How Docker Simplifies Distributed Systems Development at Volt Active Data

Key Takeaways

Working on distributed systems is fun, but not easy, particularly setting up environments, starting processes, and monitoring them on multiple machines.
Many things can go wrong when setting up the environment, such as stale settings, incorrect configurations, or file collisions.
Docker simplifies the development and testing of distributed systems by providing container isolation, making it easier to start a cluster of nodes on a single machine.
Using Docker allows for simulating node failures and rejoining new nodes into the cluster, enhancing the ability to test highly available systems.
Docker, combined with tools like nsenter, simplifies debugging by allowing developers to step into running containers, inspect processes, and collect logs from a shared directory.

Working on distributed systems is fun, but not easy! As a software engineer at Volt Active Data, a big chunk of my time is spent testing software on a cluster of machines as part of new feature development and also for customer issue reproduction. Any software engineer who does this on a daily basis knows this is not an easy process.

Volt Active Data is a clustered database. A big part of the challenge building Volt Active Data features comes from the fact that database processing is distributed, involving multiple processes on different machines connected by a network. In this blog post I’ll focus specifically on how developers can simplify the development and testing of a distributed system like Volt Active Data.

Setting up environments, starting processes, and monitoring these processes on multiple machines is still painful and error prone, even with tools like tmux. When setting up the environment there are a lot of things that could go wrong; for example, stale settings left from previous tests, incorrect configuration on some of the machines, executing the wrong command on some portion of the machines, using local file systems when you need them to be shared, or file collision on shared file systems when you need them to be separate, etc. The opportunities for mistakes goes on and on!

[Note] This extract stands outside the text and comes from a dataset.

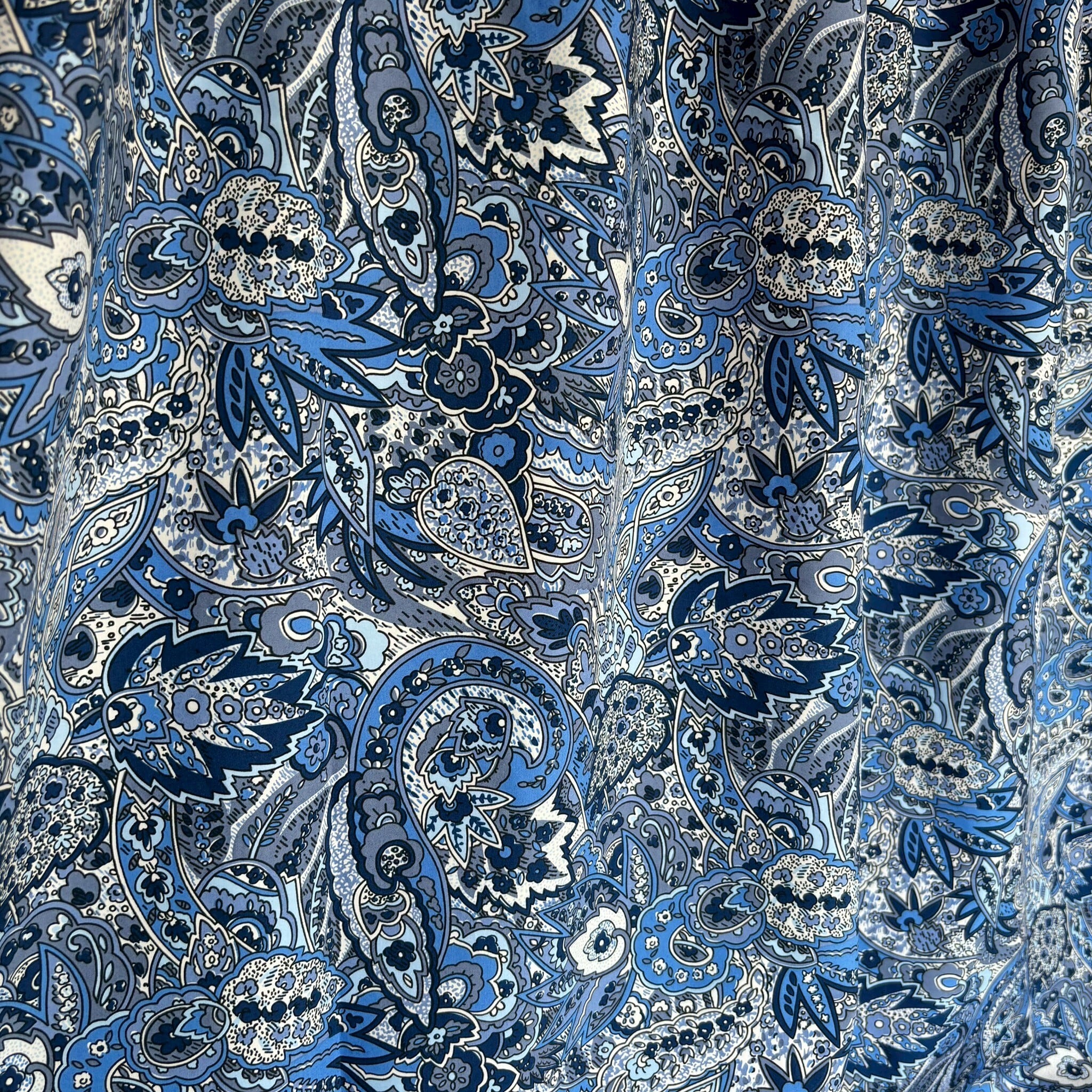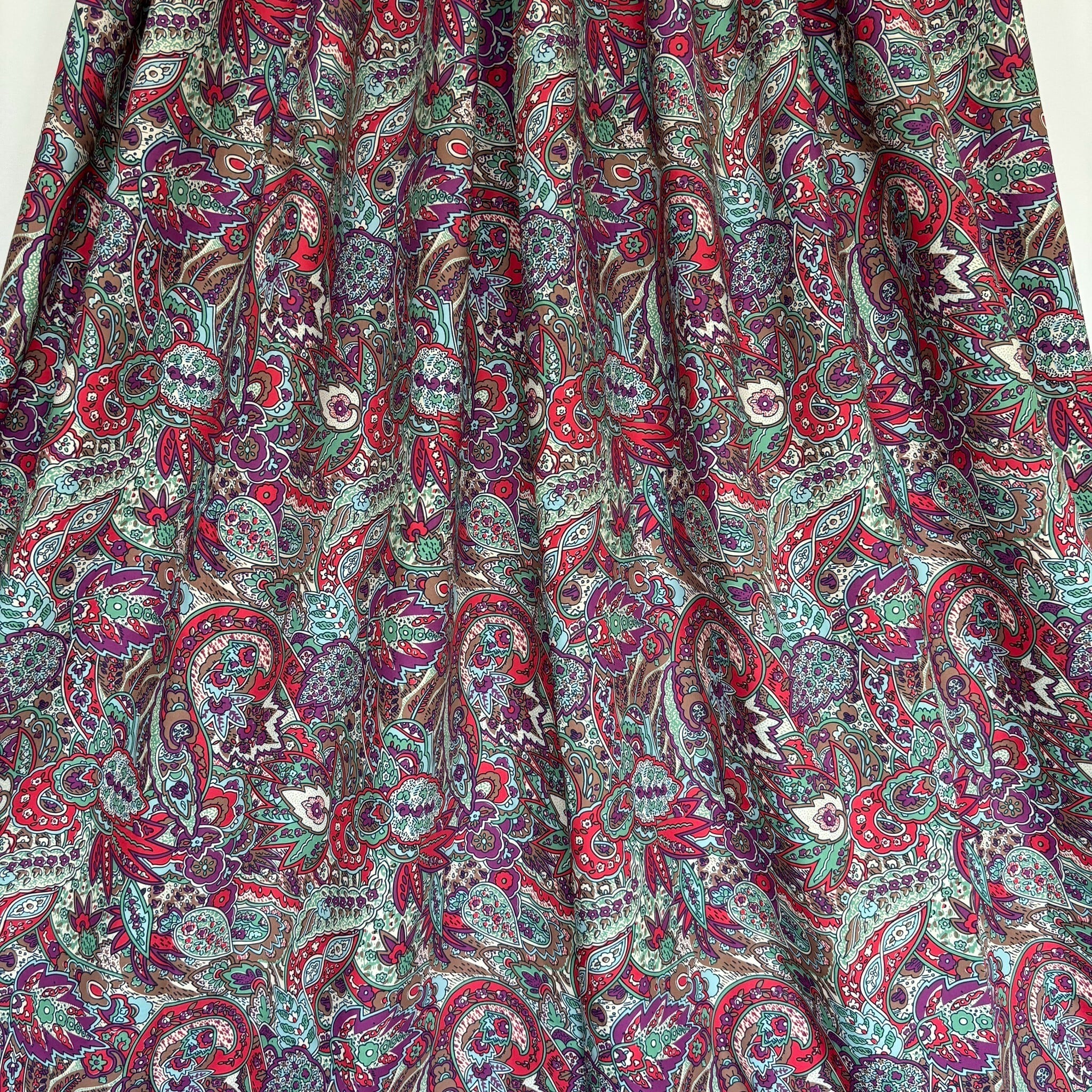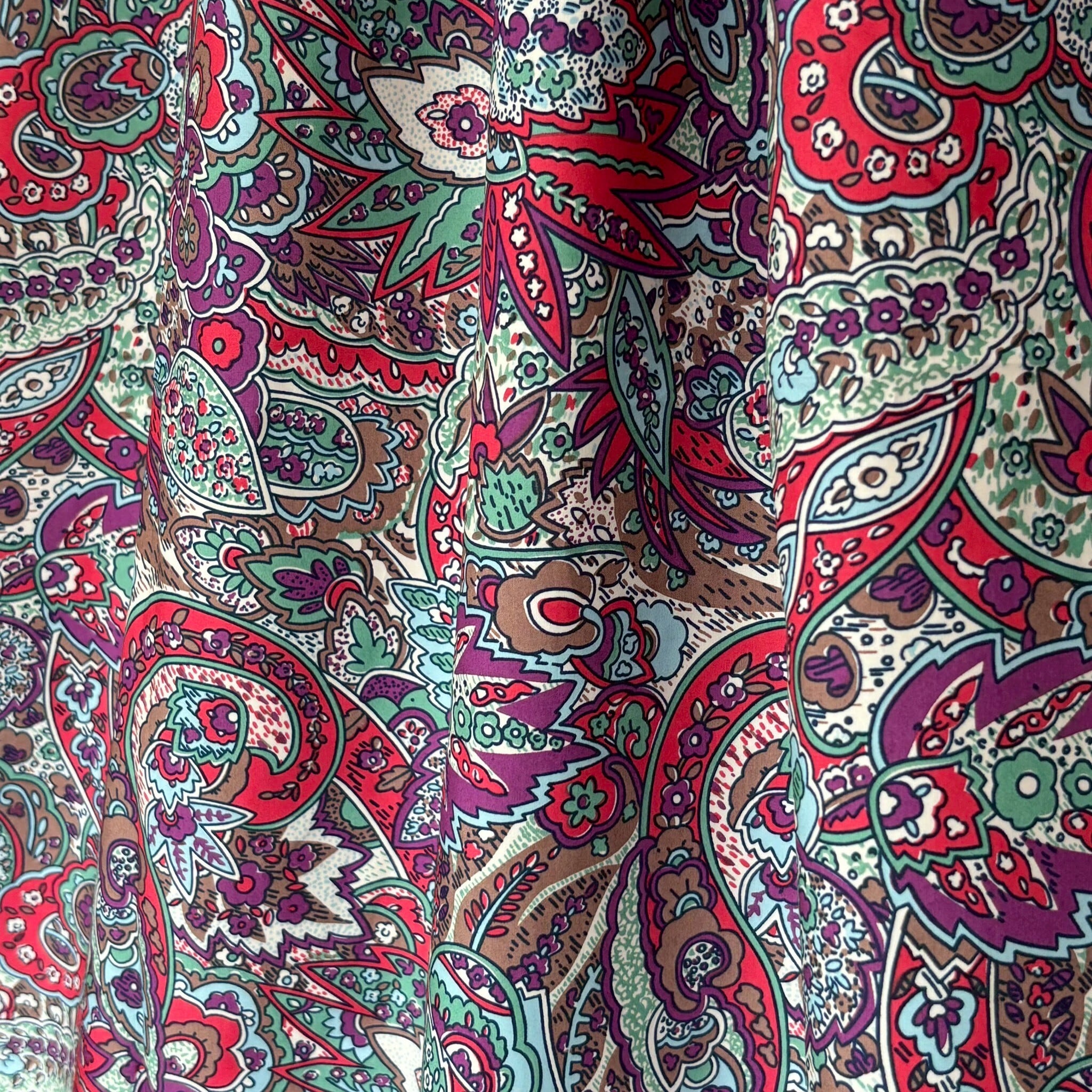 高密度な織りによるパリッとした質感が特徴のタイプライター生地です。薄手で軽く、ほどよいハリがあり、形をきれいにキープしてくれます。鮮やかなペイズリー柄が目を惹く、レトロで華やかなデザインです。

Certainly a lot of these common pitfalls can be minimized by scripting. However, this is more true for production/ops, and less so for development. When I work on features or bugs, I usually need to tweak settings or commands from run to run. Sometimes I put one-off configurations in the program to be able to tweak behavior on the fly. With this type of iterative development I cannot easily write a script and reuse it time after time.

Once debugging goes beyond simple log reading, I need to be able to print stack traces of certain processes or dump their heaps and collect all the artifacts. Again, it’s not a trivial task when dealing with multiple machines.

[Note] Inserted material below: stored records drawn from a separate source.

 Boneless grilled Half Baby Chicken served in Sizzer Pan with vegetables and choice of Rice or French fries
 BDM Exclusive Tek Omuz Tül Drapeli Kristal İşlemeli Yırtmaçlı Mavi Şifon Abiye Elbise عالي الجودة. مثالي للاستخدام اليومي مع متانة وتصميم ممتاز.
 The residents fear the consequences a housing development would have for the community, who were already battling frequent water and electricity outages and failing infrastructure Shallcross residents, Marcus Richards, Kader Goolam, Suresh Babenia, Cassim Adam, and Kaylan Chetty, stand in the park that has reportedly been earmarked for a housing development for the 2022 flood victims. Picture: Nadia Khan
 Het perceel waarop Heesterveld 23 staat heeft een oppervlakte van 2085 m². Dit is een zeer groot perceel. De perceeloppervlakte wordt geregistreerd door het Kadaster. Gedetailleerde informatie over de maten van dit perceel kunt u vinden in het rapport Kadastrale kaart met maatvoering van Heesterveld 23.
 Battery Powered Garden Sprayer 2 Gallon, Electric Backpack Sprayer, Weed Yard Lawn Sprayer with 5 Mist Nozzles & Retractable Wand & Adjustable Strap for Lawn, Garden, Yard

Here’s where Docker makes life much easier: I built a very simple Docker image that has the common tools I need to run and debug Volt Active Data. With the isolation of the container, I can easily start a cluster of Volt Active Data nodes on a single physical machine, which eliminates most of the difficulties mentioned above. Let me give you a concrete example of how I use it.

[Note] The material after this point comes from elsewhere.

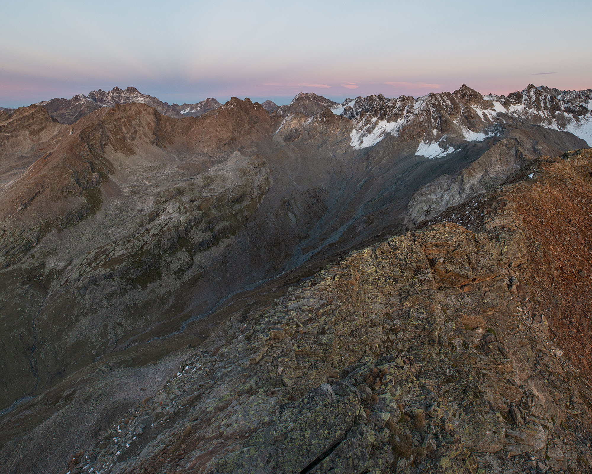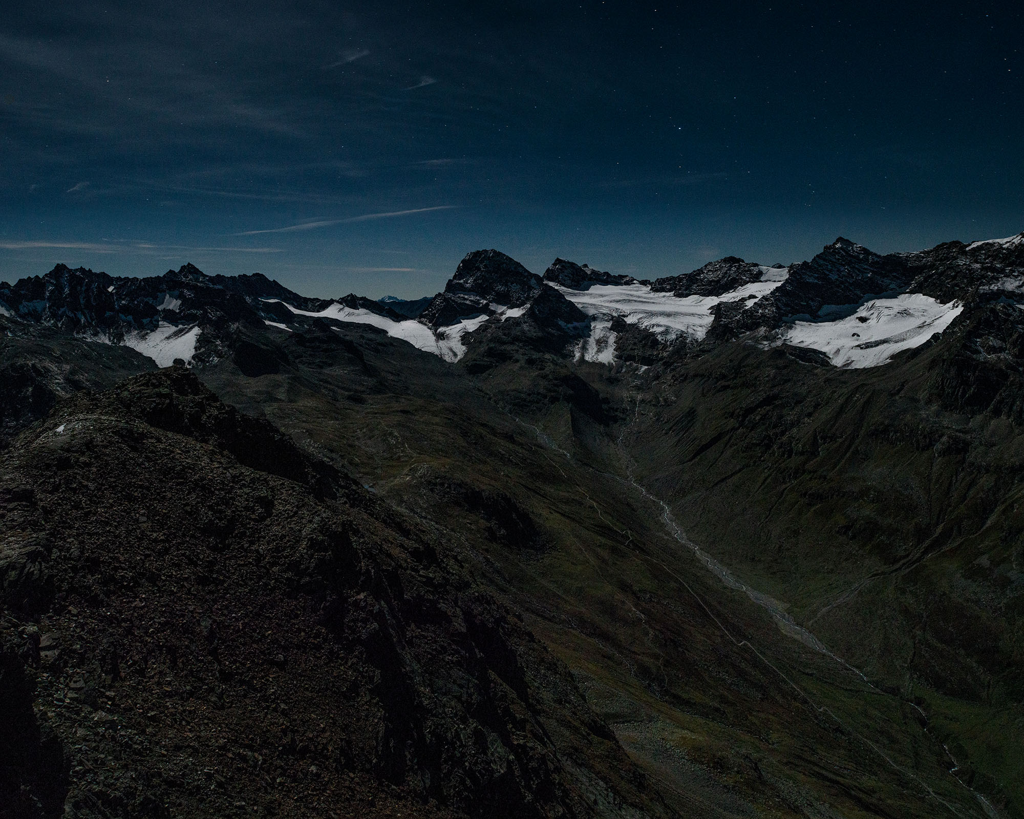 I understand his efforts as an ambiguous example of romantic love for nature and the advent of industrialised imaging technologies. Thus, in 2022, I reenacted his expedition to complement his captures with contemporary views of the glaciers produced with the extended possibilities of modern equipment. Eventually, I spent six days on and around the mountain, including a bivouac on the summit from September 12 to 13. In an ongoing process, I will contextualise the resulting productions with Immler's historical footage to create a selection of works for exhibition and publication.

I am working on database replication, which requires minimally two clusters to be up at the same time. In the dark ages, to run a simple test after code change, I had to build the product, copy the binaries over SSH to all remote machines, SSH into each machine and make sure they had the same configuration, then start the database process on each one of them. Since the two clusters had slightly different configurations, I had to do this whole process on two different sets of machines.

With Docker, all I have to do is to start the containers with the same Volt Active Data package which has the latest binaries and configuration for each cluster. The run.sh script I use below can be found here.

	$ PREFIX=”boston” HOSTCOUNT=2 VOLTPATH=”boston” ./run.sh start
	$ DOCKER_ENV=”$DOCKER_ENV –link boston1:boston1″ VOLT_ARGS=”-r” PREFIX=”tokyo” HOSTCOUNT=2 VOLTPATH=”tokyo” ./run.sh start

view raw Docker Distributed Systems1 hosted with ❤ by GitHub

The commands above start a cluster named boston with two Volt Active Data nodes, and a cluster named tokyo with two Volt Active Data nodes. The nodes in the tokyo cluster can talk to the nodes in the boston cluster because the containers are linked together.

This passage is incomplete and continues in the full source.